STANFORD, Calif. — A genetic marker touted as a predictor of coronary artery disease is no such thing, according to a study led by researchers at the Stanford University School of Medicine.
The massive international study, published online Oct. 7 in the Journal of the American College of Cardiology, assessed the predictive value of a leading genetic assay for risk of atherosclerosis.
The study analyzed the data from more than 17,000 patients with cardiovascular disease and 40,000 others to assess whether carrying a particular variant of the KIF6 gene indicated a greater risk for coronary artery disease — a disease characterized by a buildup of cholesterol plaque in the walls of the arteries of the heart. The disease can lead to chest pain as well as heart attacks, which are often fatal.
The study found essentially no association between the gene variant and the risk of coronary disease. "This study puts the nail in the coffin," said Tom Quertermous, MD, the William G. Irwin Professor in Cardiovascular Medicine at Stanford and the study's senior author. "This is such a big study — if there was a significant association between this variant and coronary disease, we would have found it."
Celera Corp., which pioneered the mapping of the human genome, owns the assay and currently performs the majority of the testing services. In June, as part of its effort to make the assay more widely available, Celera announced it had received approval from the European Union to market a test kit for the variant that would make it easier for physicians to collect patients' samples. The company said it would also submit an application to the U.S. Food and Drug Administration this year for approval of the test kit.
Previous studies of the variant were less conclusive because they were based on fewer patients with coronary artery disease, said the new study's leader, assistant professor of medicine Themistocles Assimes, MD, PhD. These earlier studies had suggested a 22-55 percent greater risk for those who had the variant. "We are showing that the additional risk is almost certainly nil in subjects of European ancestry. If it is not nil, it is at most 2 percent," Assimes said.

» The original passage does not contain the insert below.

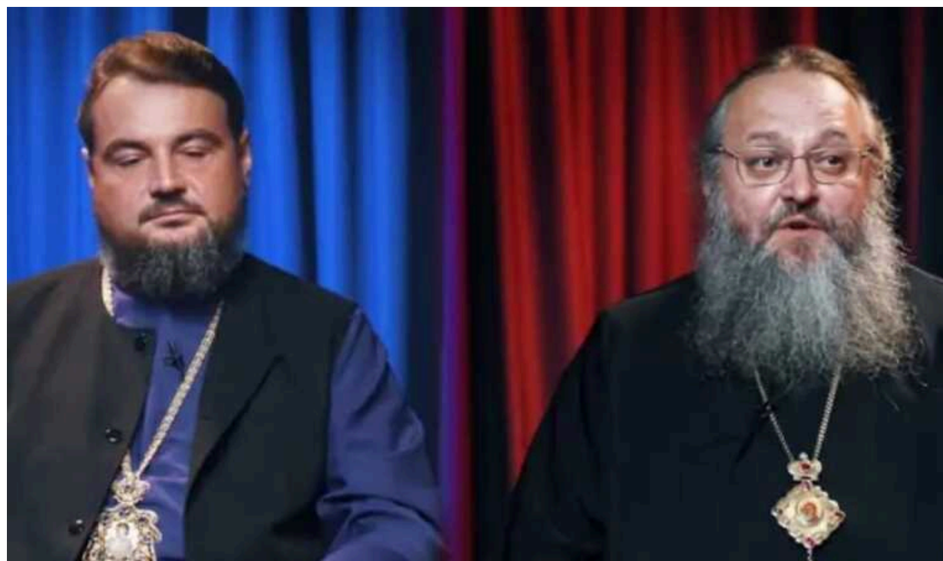
Представники ПЦУ й УПЦ провели дебати

За 27 днів набере чинності новий закон, відповідно до якого релігійні організації з керівним центром у Росії повинні припинити свою діяльність в Україні. Митрополити ПЦУ та УПЦ провели дебати.

The study pulled together data from research groups around the world that have genetically fingerprinted individuals with known coronary disease as well as subjects with no known disease. Most of the data were from people of European descent, but a lack of association was also noted in smaller number of subjects of non-European ancestry. The Stanford researchers' co-authors include more than 130 scientists, clinicians and administrators at over 70 research organizations in Europe and North America.

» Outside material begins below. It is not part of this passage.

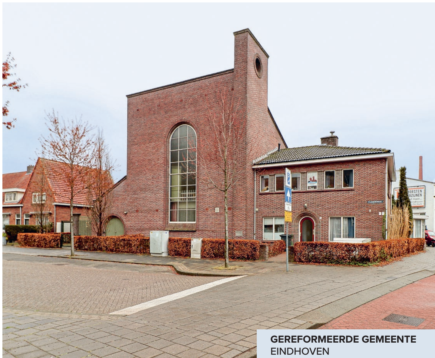
GEREFORMEERDE GEMEENTE EINDHOVEN

The study offers good news to patients whose KIF6 test result had indicated they were at risk for heart attacks. "They don't need to worry so much," Quertermous said. "If they are on medications strictly because of their KIF6 test result, they should ask their doctor to reconsider the need for these medications."
Because of the study's design, it could not directly confirm or refute the marker's ability to identify the subjects' response to statins, which are drugs that lower cholesterol levels. However, Assimes cautioned that the original observation, which found the KIF6 variant indicated a good response to the medication, assumed that carriers of the variant not on statins were at significantly increased risk of coronary disease compared to non-carriers.

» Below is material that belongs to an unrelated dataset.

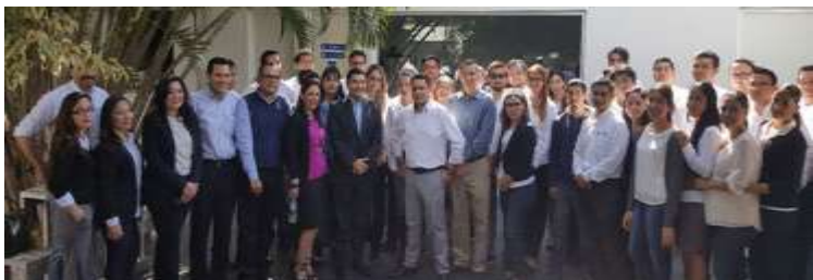
Entrega de apoyos a Univale. Enero 2017.

Los resultados del 2017 rompieron cualquier referencia en materia de apoyo a empresarios y emprendedores en el estado de Sinaloa. Con más de 3,500 millones de pesos en financiamientos y 225 millones de pesos provenientes del INADEM se aceleró el crecimiento de las empresas en nuestro Estado.
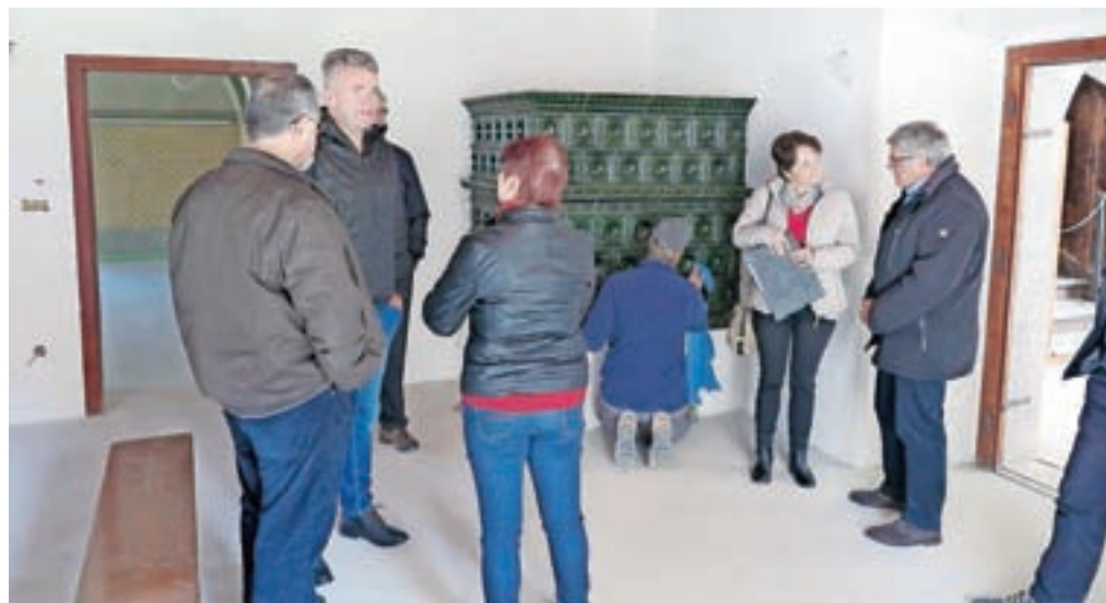
V dvorcu Visoko nadaljujejo obnovo. V pritličju bodo v maju odprli novo kavarno.

"In light of our findings, the marker's ability to identify statin responders is also in doubt," said Assimes. "Until very large-scale studies are performed to directly test the marker's ability to identify statin responders, I would not withhold statins from patients just because their KIF6 test was negative."
The finding's larger message is that more caution is warranted when using genetic markers to guide health care. There's understandably great desire to use the information about human genetics that's been amassing since the sequencing of the human genome 10 years ago, said Quertermous, who has worked in the field for more than 20 years. "It's something I've been waiting for, for a long time."
That's because the well-known risk factors for atherosclerosis, such as high cholesterol, smoking, diabetes and high blood pressure, appear to account for only about half the variation of rates of coronary disease observed in human populations. The balance of variation is likely explained by a combination of inherited variants in or near genes that are important in the pathogenesis of disease in addition to other unrecognized, adverse environmental exposures.
"Using genetics to help improve our ability to predict coronary disease is particularly important because we have several different classes of drugs at our disposal that can substantially reduce the risk of heart attacks" said Assimes. "But we still need to be careful about what we put into practice and not get carried away too quickly. We know from previous experience that a positive association between a genetic variant and a common disease, such as coronary disease, needs to be consistently observed in many human population studies before it can be believed."
In fact, Quertermous points out that even for the roughly one dozen genetic markers that have been successfully validated to date, evidence to support their use in clinical practice is lacking. However, this situation will likely change in the near future as researchers reliably identify more genetic markers.
The data collections used in this study were supported by more than 30 institutions including government and nonprofit agencies and the following companies: Astra Zeneca, Berlin Chemie, Boots Healthcare, deCODE genetics, Glaxo-Smith-Kline, McNeil Pharma (former Woelm Pharma), MSD Sharp & Dohme and Pfizer.